I am interested in the unique solution $x$ for the equation :
$$ p_K(x)=\frac{x+\dots+x^K}{K}=\frac{1}{2}, $$ for large values of $K$. When $K$ is small ($K=1$ and $K=2$) we can solve this equation explicitly and find : $$ x=\frac{1}{2}, \frac{\sqrt{5}-1}{2}. $$ For $K=3$ we still get an explicit solution which is more complicated and from $K=4$ on I do not find an explicit solution. As $K$ tends to infinity, we find that the unique solution $x_K$ of $p_K(x_K)=0$ tends to one, i.e. $\lim_{K \rightarrow \infty} x_K = 1$. I would like to find an asymptotic approximation of $p_K(x)$ denoted by $\tilde p_K(x)$ for which the solutions $\tilde x_K$ satisfy: $$ \lim_{K\rightarrow \infty} K \cdot \log(x_K) = \lim_{K\rightarrow \infty} K \cdot \log(\tilde x_K). $$ My idea was to use the approximation : $$ \frac{x+\dots+x^K}{K} \approx x^{\frac{\sum_{j=1}^K j }{K}} = x^{\frac{K+1}{2}}. $$ Using this approximation, we find $\tilde x_K = \left( \frac{1}{2} \right) ^{\frac{2}{K+1}}$ and we find for the limit : $$ \lim_{K\rightarrow \infty} K \cdot \log(\tilde x_K) = -2 \log(2) \approx -1.38 $$ but by numerical approximation, find : $$ \lim_{K\rightarrow \infty} K \cdot \log(x_K) \approx - 1.592 $$
If the main objective is to solve the equation, I would suggest to plug into the equation the approximation for $\tilde{x}_K$ you are looking for. In particular, you appear to be looking after an approximate solution of the equation $p_K(\tilde{x}_K) \approx 1/2$ in the form $$ \tilde{x}_K = e^{C/K} $$ where $C \neq 0$ should be determined later.
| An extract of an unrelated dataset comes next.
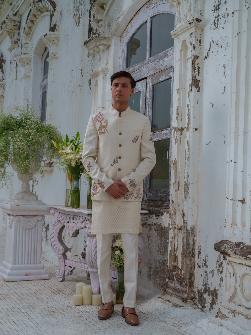 Featuring an ivory embroidered bandgala, paired with a kurta and trouser.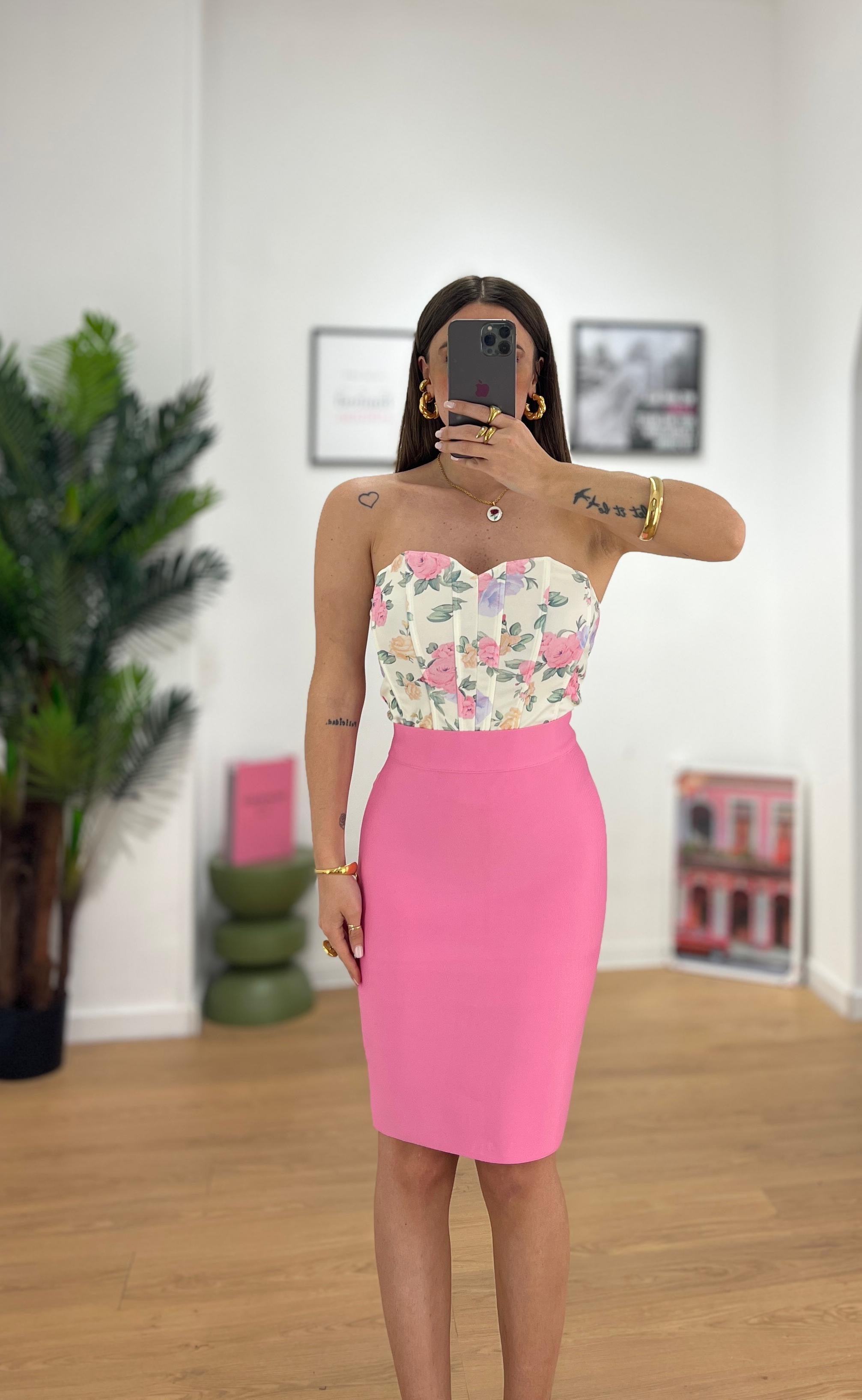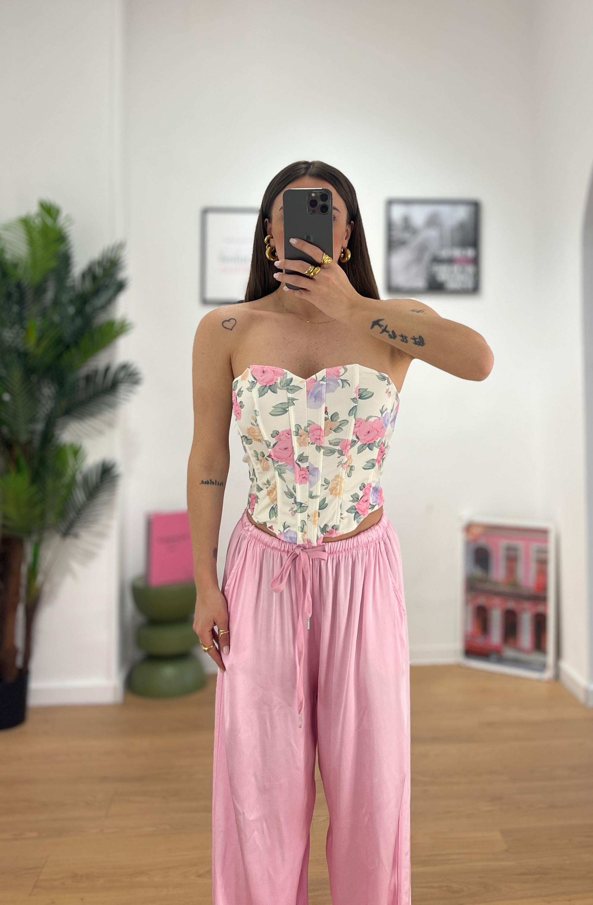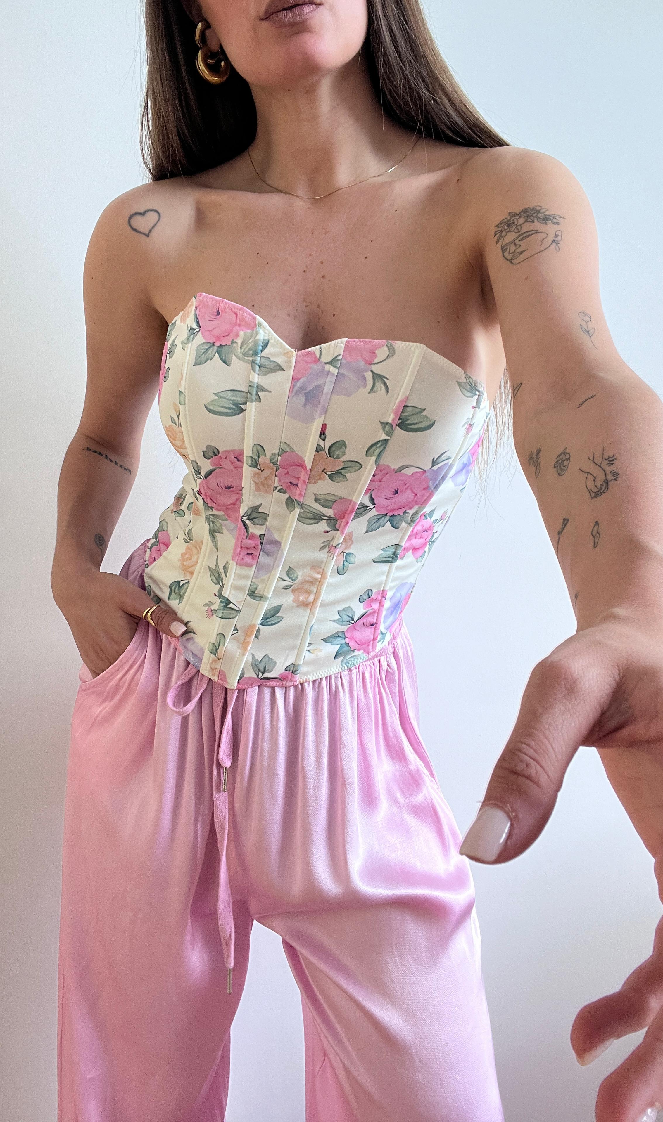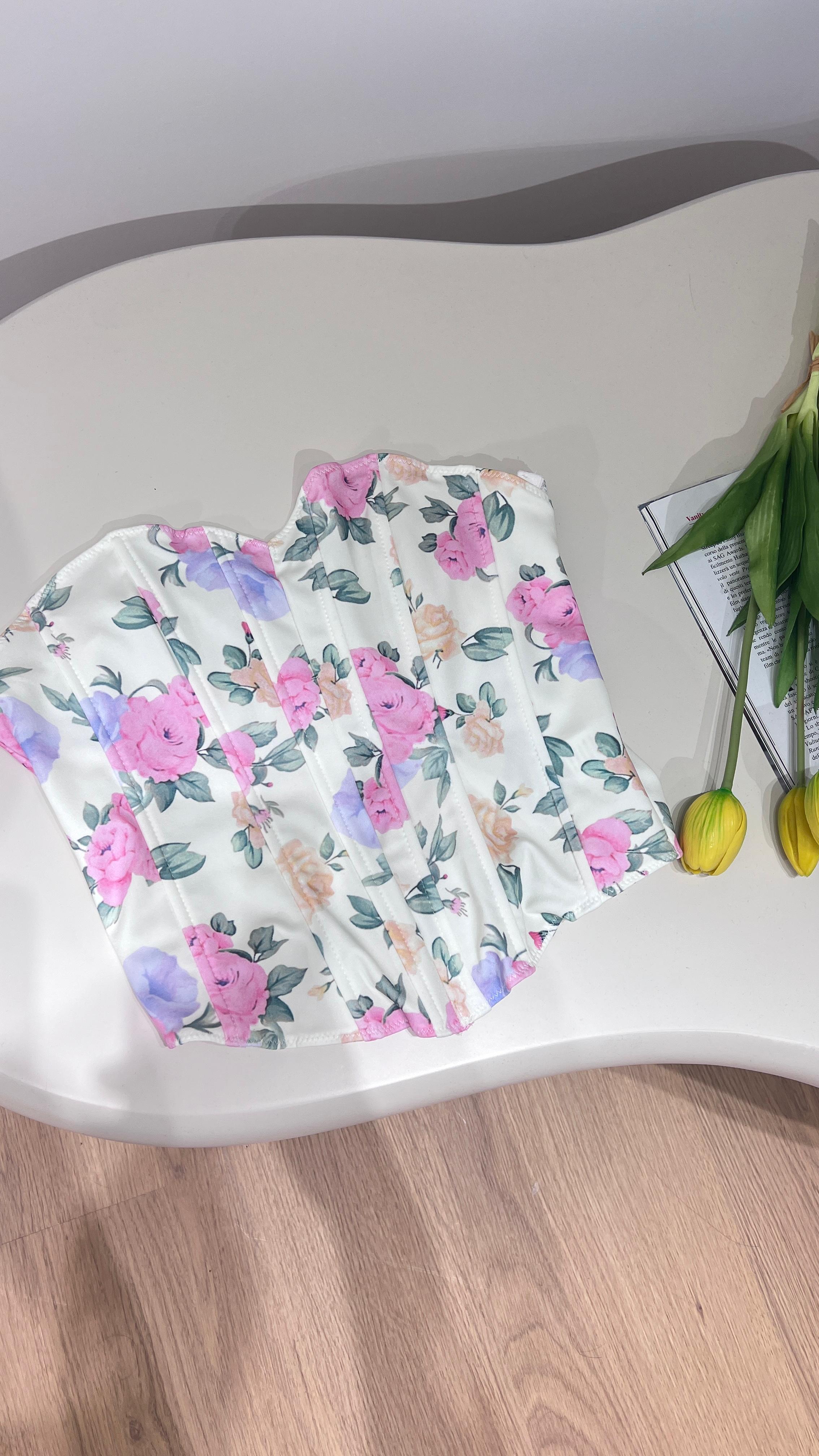 Corpetto da donna fantasia a fiori con stecchette, tessuto elasticizzato e chiusura sul retro da reggiseno ma veste regolarmente la propria taglia e giusy indossa taglia S/M

Substituting in $p_K$ we have $$ p_K(\tilde{x}_K) = \frac{1}{K} \sum_{i=1}^{K} e^{Ci/K} = \frac{1}{K} \frac{e^C-e^{C/K}}{e^{C/K}-1} \approx \frac{1}{C} \left( e^C-1 \right) $$ for sufficiently large $K$. Using this into $p_K(\tilde{x}_K) \approx 1/2$, we deduce that the constant $C$ should solve the following equation $$ e^C -\frac{C}{2} -1 = 0. $$ Numerical solution finally gives $C \approx -1.592$ as claimed.